That’s how things work these days, but, as we prepare to move into a Presidential-election year with Trump seemingly poised to capture the G.O.P. nomination for a third time, it’s worth stopping to examine Ryan’s remarks, which went beyond his three-word zinger. Since retiring from Congress at the end of 2018, Ryan has kept a low profile, although he did briefly reappear in the news in 2019, when a book by the political writer Tim Alberta revealed that Ryan had said that Trump “didn’t know anything about government.” Mostly, Ryan seems to have been working on his bank balance. The interview last week was part of an event for Teneo, an international consulting firm that Ryan joined in 2020, and where he is now vice-chairman. He’s also a non-executive director of Rupert Murdoch’s Fox Corporation—the owner of Fox News—which paid him more than three hundred and thirty thousand dollars in cash and stock last year, and of SHINE Technologies, a privately owned company based in Ryan’s native Wisconsin.

The bit of the interview that sparked the headlines came when Kevin Kajiwara, co-president of Teneo, asked Ryan how history would regard Republicans like Liz Cheney and Adam Kinzinger, who criticized Trump when they were in Congress and voted to impeach him after the January 6, 2021, attack on the U.S. Capitol. Ryan said that Cheney and Kinzinger were friends of his who had called out the former President’s authoritarianism and narcissism, and then paid for it with their political careers. “Historically speaking, all of his tendencies are basically where narcissism takes him, which is whatever makes him popular, makes him feel good, at any given moment,” Ryan said, referring to Trump. “He doesn’t think in classical liberal-conservative terms, he thinks in an authoritarian way, and he’s been able to get a big chunk of the Republican base to follow him because he’s the culture warrior.”

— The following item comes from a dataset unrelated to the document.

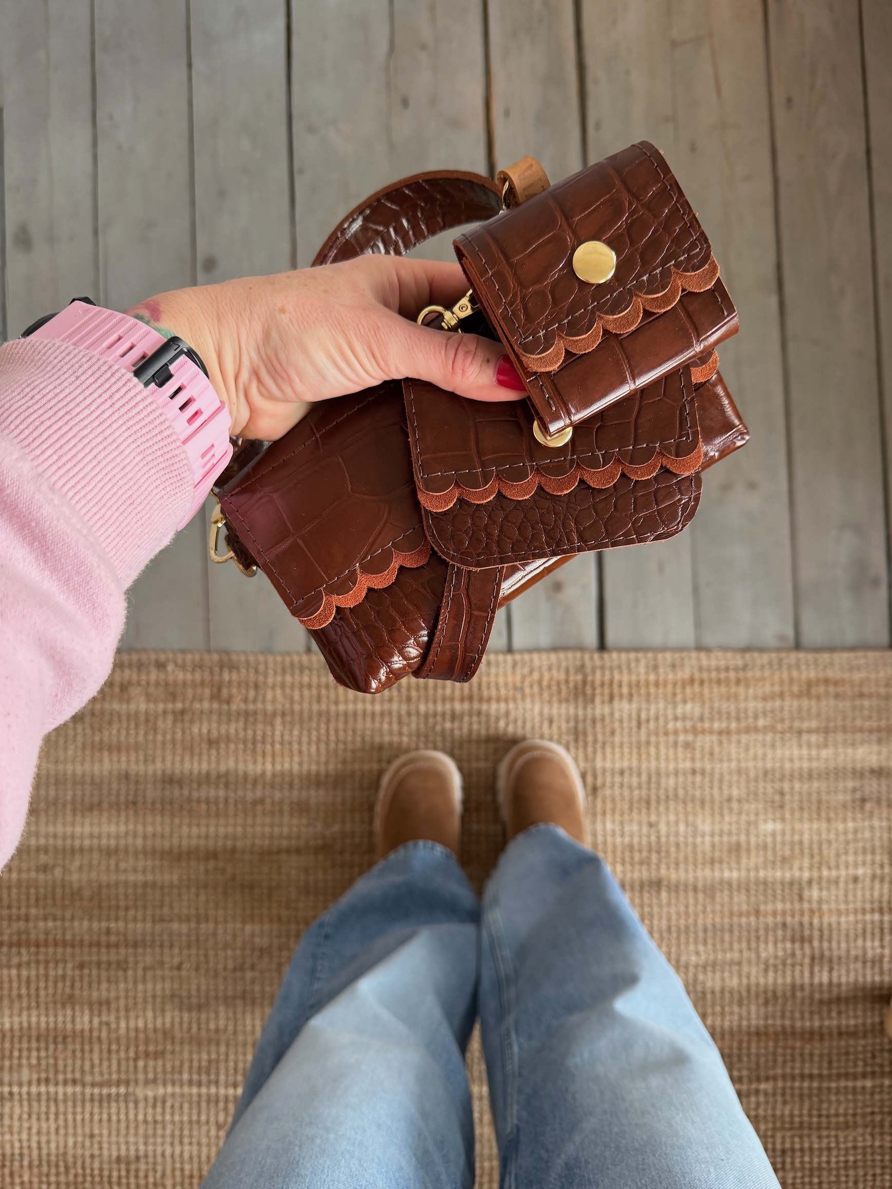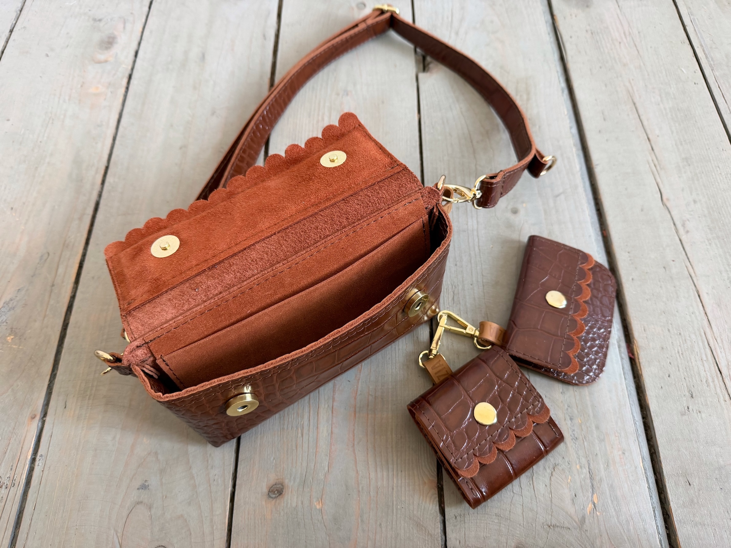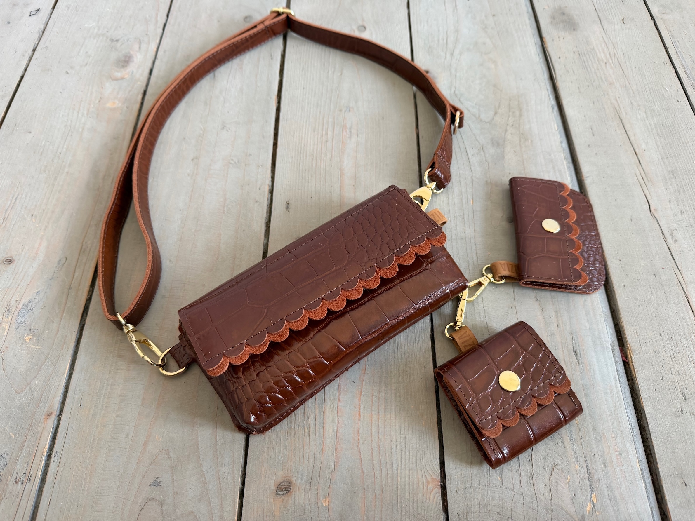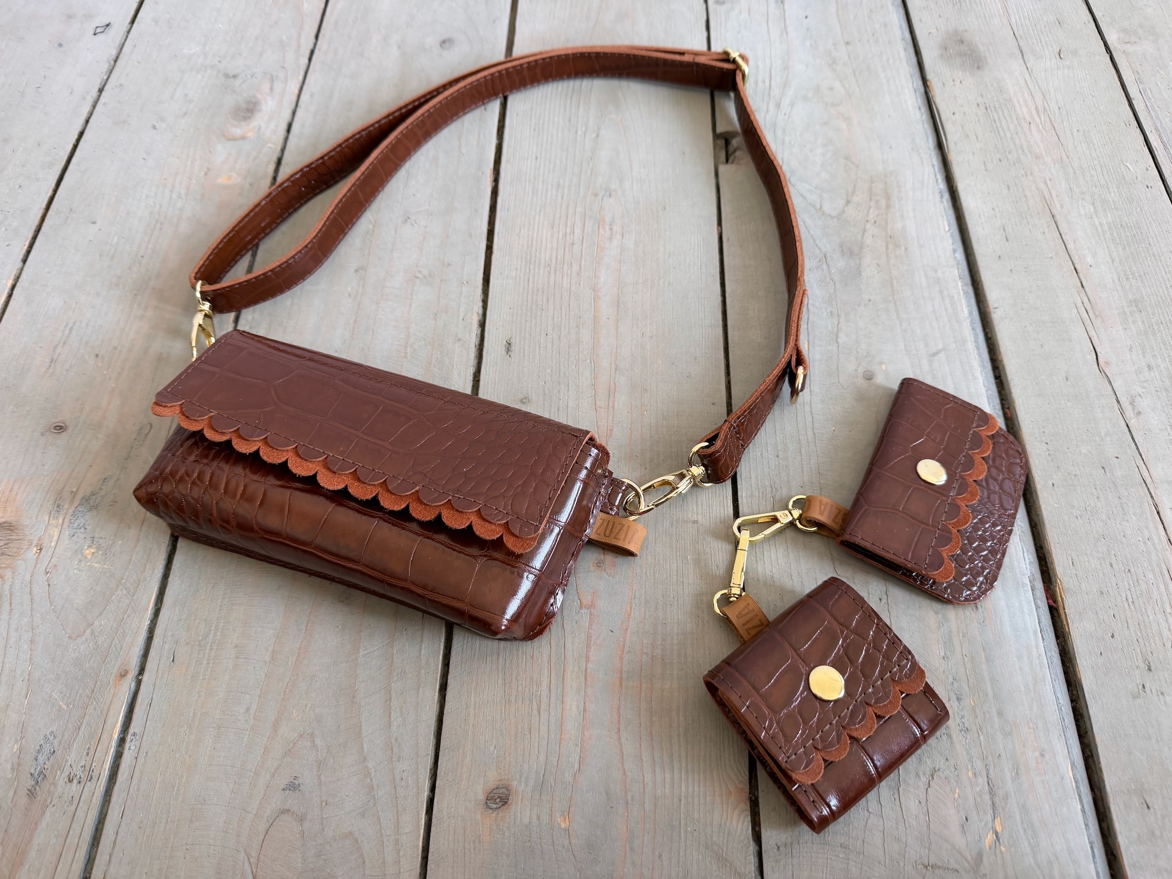 Mobiler Two Wavy Twotone Brown Croco + Headphone Case + Card Holder

That was enough to draw the ire of the MAGA camp, which has some justification in viewing Ryan as an opportunist. During the 2016 G.O.P. primaries, Ryan withheld his support for Trump. But, in June, 2016, when Trump’s narcissism and authoritarian tendencies were already extremely apparent, Ryan endorsed him. After Trump was elected, Ryan coöperated with him for two years to pass legislation, including the budget-busting feed-the-rich Republican tax cut of December, 2017. If Cheney and Kinzinger eventually appear on the (extremely short) Republican honor roll call from the Trump years, Ryan won’t be joining them. But he undoubtedly knows G.O.P. politics, and the most interesting part of his interview came when he moved on to talk about the elected Republicans who didn’t vote to impeach Trump in February, 2021, after House Democrats charged him with inciting an insurrection.

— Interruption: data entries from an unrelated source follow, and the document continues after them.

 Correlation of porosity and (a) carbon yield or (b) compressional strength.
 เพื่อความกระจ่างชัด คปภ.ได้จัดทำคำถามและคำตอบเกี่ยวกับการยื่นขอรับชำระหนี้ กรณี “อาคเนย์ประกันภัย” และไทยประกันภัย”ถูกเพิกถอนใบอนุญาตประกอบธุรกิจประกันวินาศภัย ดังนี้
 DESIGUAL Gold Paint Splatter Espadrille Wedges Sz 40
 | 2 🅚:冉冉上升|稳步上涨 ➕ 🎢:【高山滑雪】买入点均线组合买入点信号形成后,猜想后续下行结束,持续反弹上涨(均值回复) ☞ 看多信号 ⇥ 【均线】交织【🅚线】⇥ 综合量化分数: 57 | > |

A quick reminder: the House voted to impeach Trump by 232–197, and, after a trial in the Senate, fifty-seven senators voted to find him guilty, but that fell ten votes short of the two-thirds majority needed for a conviction. Seven Republicans voted guilty: Richard Burr, Bill Cassidy, Susan Collins, Lisa Murkowski, Mitt Romney, Ben Sasse, and Pat Toomey. Forty-three Republicans voted not guilty, including Mitch McConnell, the Senate Minority Leader, who, in one of the most dismal and wrongheaded speeches ever delivered from the floor of the upper chamber by a party leader, sought to justify clearing Trump even as he acknowledged that the former President was “practically and morally responsible for provoking the events” of January 6th.

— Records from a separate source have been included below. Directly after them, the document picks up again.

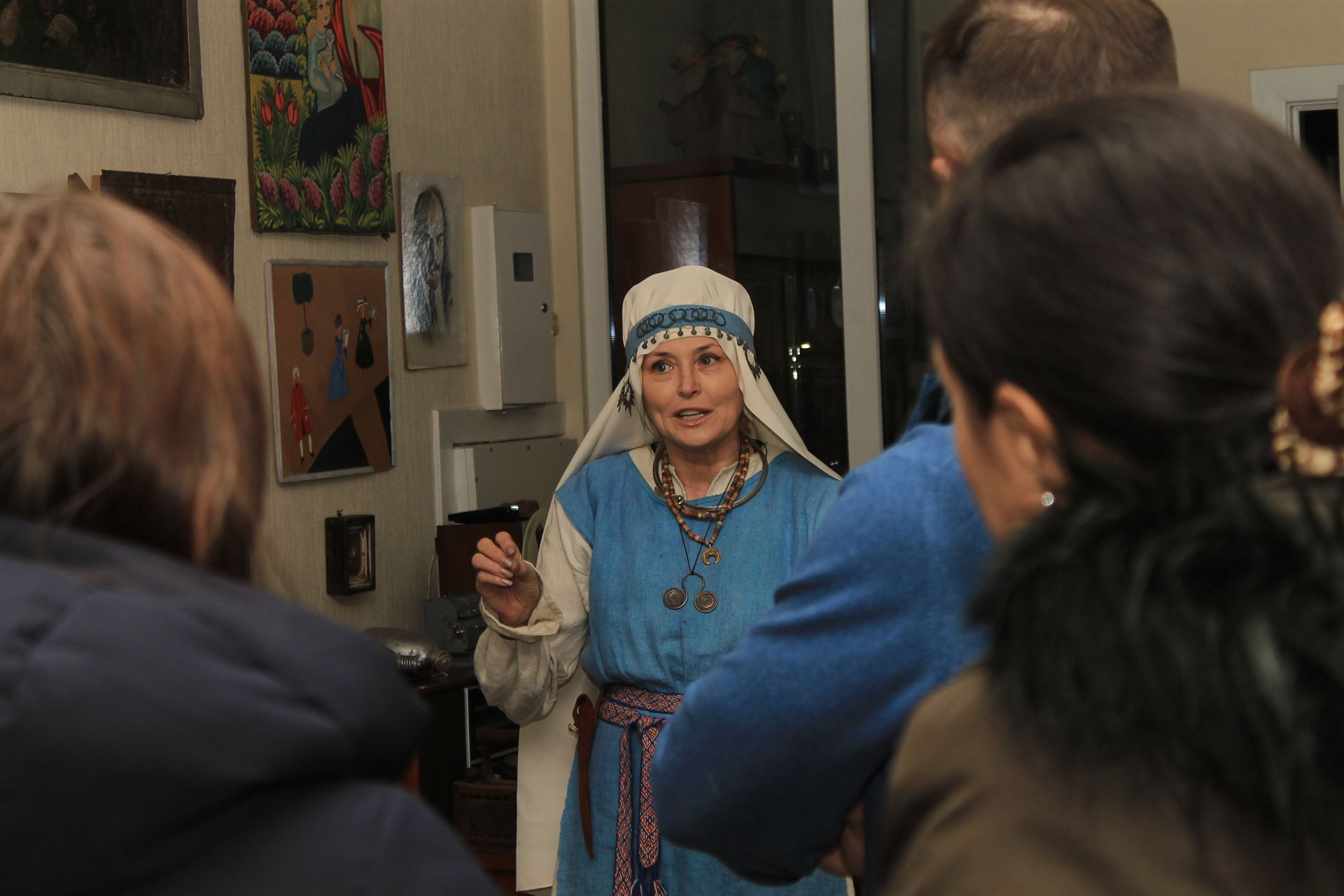 Екскурсії у своєму музеї Сергій проводить не сам. Часом разом із ним відвідувачів зустрічає і його дружина Наталія. Ось і сьогодні вона тут — у костюмі сіверянки, який шила власноруч.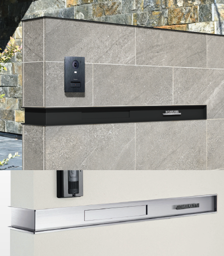 スリムなラインで門周りに新しい付加価値を与えるモデリオ スリット。口金ポストを組み込んだユニットをブロック塀に取り付けた後に壁仕上げをするため、一体感のある美しい仕上がりになります。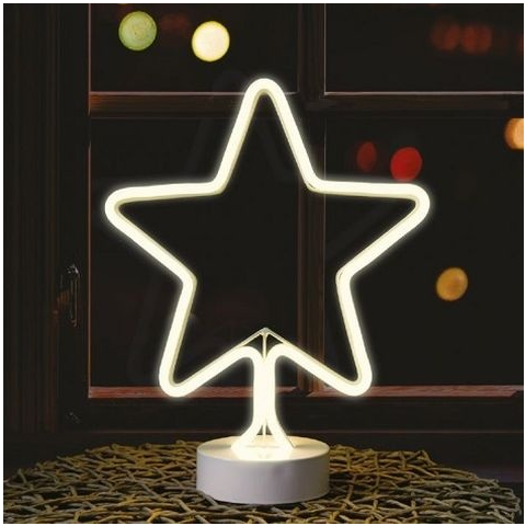 Klasszikus neonfény hatású, modern LED-es ablakdísz többféle formával (csillag, fenyőfa, angyalka). Látványos dekorációja lehet asztalnak, ablakoknak, sőt bároknak, kávézóknak, közösségi tereknek.

Technically speaking, a conviction in the Senate wouldn’t have been sufficient to bar Trump from running again. Legal experts say that would have required a second vote in the House and Senate invoking the Fourteenth Amendment. But only a simple majority in both chambers would have been necessary to pass these measures—a fact that suggests the Democrats would have had the votes. In any case, Ryan suggested that a conviction in an impeachment trial, the first for any U.S. President, would have been enough to finish off Trump, and that many Republicans now privately regret not doing this. “I think there are a lot of people in Congress, good friends of mine, who would take their vote back if they could,” Ryan said. “Because I think a lot of these members of Congress, like on the second impeachment, they thought Trump was dead. They thought after January 6th he wasn’t going to have a comeback. . . . So they figured, I’m not gonna take this heat, I’ll vote against this impeachment because he’s gone anyway. But what’s happened is he’s been resurrected.”